I've been brewing for about a year now, and throughout all of my progress, one aspect of brewing has continued to haunt me from day one. I cannot for the life of me finish the boil with a dependable volume. It's like a plague on my brewing and it's driving me crazy.

Evaporation never seems to be consistent. I don't know whether the elevation is combining with the dramatic seasonal changes and wildly varying humidity, but I can't duplicate results. I thought I had it dialed in for a while, then suddenly I'm losing another quarter gallon (I do very small 2-gallon batches, so that amount is significant).
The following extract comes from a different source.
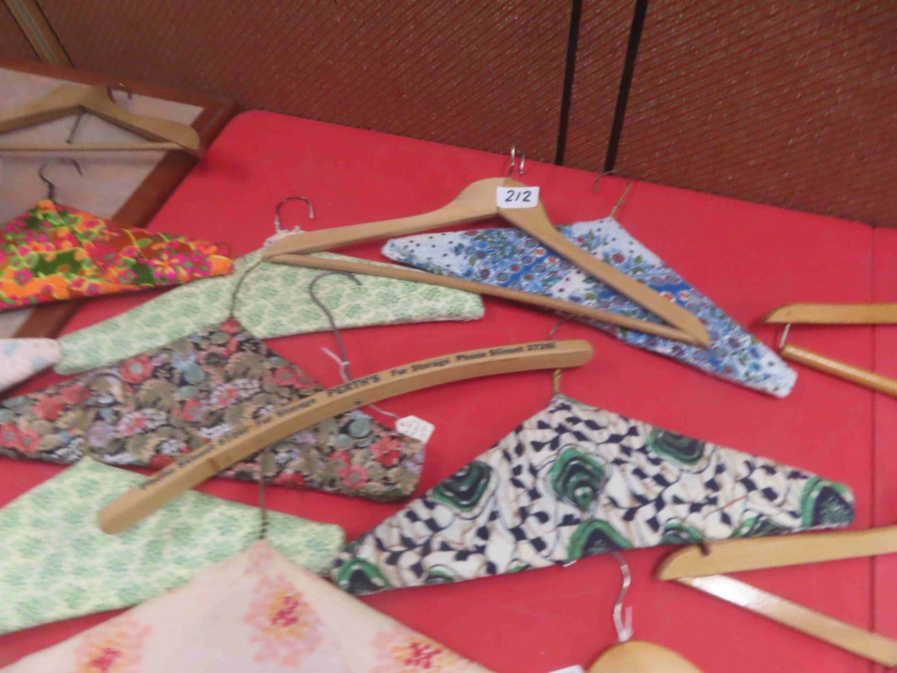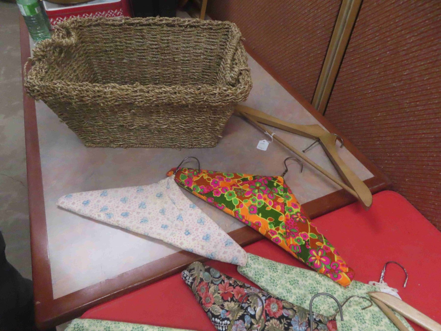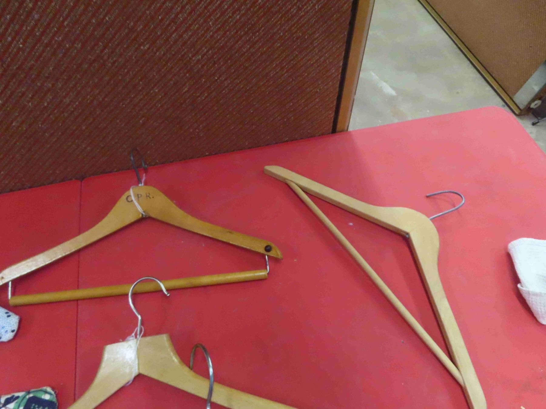 Basket Full of Wood Hangers Some with Advertising : Hudsons Bay, CPR, Perths, Eatons

I also can't seem to manage to keep track of trub losses. I was very excited to try whirlpooling today. It seemed like a fantastic technique and just what I needed to get this half of it down. I tried it a few times for kicks during the cooldown, and it only worked on the hot wort. All I got for the "real" attempt at ~90F was the same flat, settled trub that I had to sacrifice a 10th of my wort to as usual. :mad:

I'm sorry for ranting. I'm just so disappointed. I don't have the money for the equipment needed to make this easier. I can keep making watered down 1.040 beers, but I don't see the point. I'd love to RDWHAHB, but even if all these beers I make are fine in themselves, they aren't what I want to drink. We're not talking 1.100 monsters; I just want to make a decent 1.060 beer without getting lucky.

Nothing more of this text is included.